Are you like me, do you wonder?


Have you ever wondered what death is really like? I know i have many times in my life, when I was beat sensless as a child, when I was hungry because I ran away from home as a child, when I was institutionalized as a 10 year old. Those are a few of the times when I thought about what death really means. I thought of it many times since too and I am going on 66 years old now. Have you?

I wondered what death was like as I sat, on board a Navy Ship serving my country a few times, I thought about it when I was going through my divorce from my first wife and the loss of my daughters to her. I thought about death so many times I sometimes wonder why I am still here and alive these days.

I came close to death a few times in my life unknown to many of course. Yet I survived and am still here going on 66 years old in two weeks. Listen when I my wife died last year I wanted to commit suicide and almost did. It isnt easy folks, to live a life like I have had. Yet, I survive because i have refused to surrender in many ways. I almost lost my life to lung cancer yet I am still here today. I am still here after seeing and witnessing, my grandfather dying of cancer, my father, my step-father and my mother too and my second wife. Each time I wondered should I join them, what right do I have in being here today?

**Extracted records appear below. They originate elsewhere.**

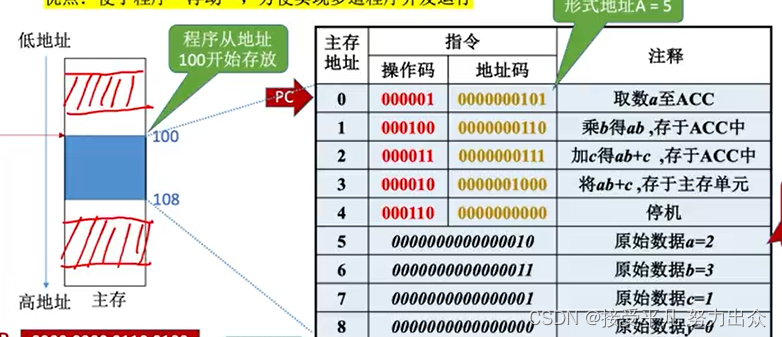 这样可以使用直接寻址就可以完成,主存地址为0,指令的形式地址为5,则直接指向主存地址为5的地方,但是如果程序从地址100开始存放
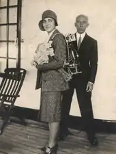 Yolanda Penteado demonstrates the Conversor Marciano; behind, Santos Dumont.
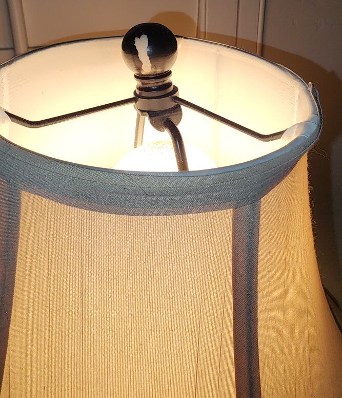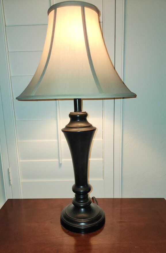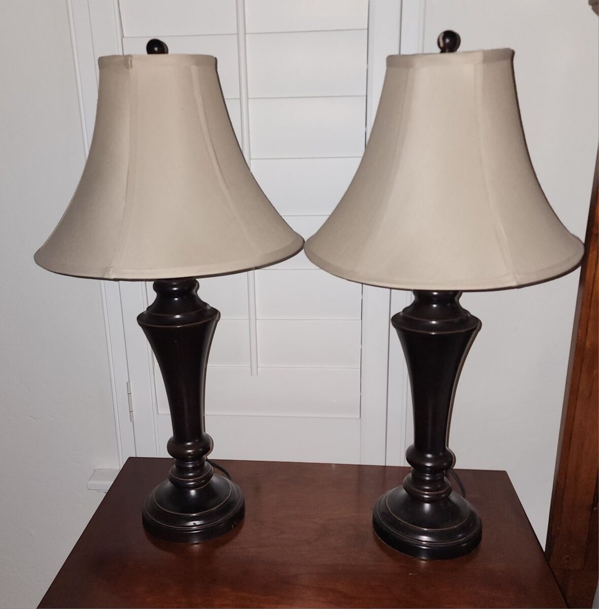Venmo2 espresso colored lamps with cream colored shades. From the base to the top of the shade they are about 28"H. One of the balls that hold the shade in place has a little scratch. The lamps work great!

Illnesses come and go, and we live on, but cancer really never lets go does it? I know, I have had lung cancer and lost a lobe and a thrid of my right lung to it, and I know each day I live is really pure luck that the cancer has not returned. Yet I also know it can anytime on any given day or night. It is a fact in life once you get cancer you live with it, everyday and hope it doesn’t return.

Recently I recieved a letter saying I have two nodules in my right lung that are sitting there. I was told not to panic and not to worry, so I try not to. Then, I have been hit by jolts in my body, my whole body jumps and recently, I had a jolt in the back of my head. Now is it cancer I do not know, do I want to know if it is, not really. As it goes now at 65, going on 66, without my wife who died in August of 2021, I really have no idea, really!

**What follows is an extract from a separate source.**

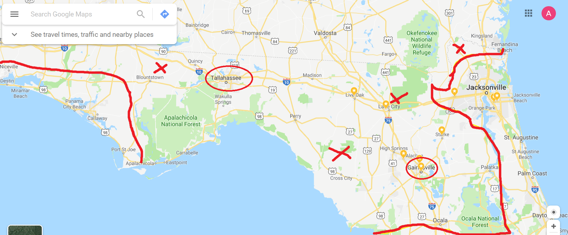 The parts of Florida that are considered “The South”.

There was a time when I was full of life, happy and content, I had a beautiful life and wife and home for 28 years. Now it is all gone just as my wife is gone. It’s painful, and lonely trying to find my way to do anything these days. I lost my get up and go and any motivation really, I dont care much about what happens to me anymore.

My head hurts these days, and it pulses at times on me. So, I have no idea what is wrong or what happened, but, I say nothing to anyone about it these days. I go one day at a time and hope to awake each day or morning. I know few reasons to stay alive right now, it is how I feel these days.

My struggles with thinking about death began many decades ago when I was a teenager. I found a way to stay busy, and did all I could for others all my life. It is what made me, me.

Once you run out of motivation or reasons or things you want to do anymore, you lose the drive to stay alive. It’s a basic fact folks. So as all of this goes through my mind, I wonder what is death really like? Is there pain when you die, do you feel it when you pass, do we just cease to exist, or is there an afterlife and a heaven or hell or anything on the otherside? I don’t know for sure, but I do know, so many people i knew in my life are now on the otherside and I am still here, struggling through. Is it darkness on the other side and where does our spirit really go, do we fade from existance and like a light bulb burn out? Whats the answer folks does anyone really know?

I remember a book written long ago, the title I remember was Death Be Not Proud, at least thats the title I remember. I never read the book of course but the title stuck in my head and still does today. Why, because no one knows if the title means anything or not. Death comes to all of us I know, and in the end we are remembered not for what we own, or what we have material wise, we are only remembered by those who knew us and they remember us for how we treated them period. We never know once we are gone if we are remembered or missed do we, how can we? So, is death a light flickering out and never coming back and do our souls wander endlessly or do we end up some place like heaven or hell? Will we ever know? I doubt it.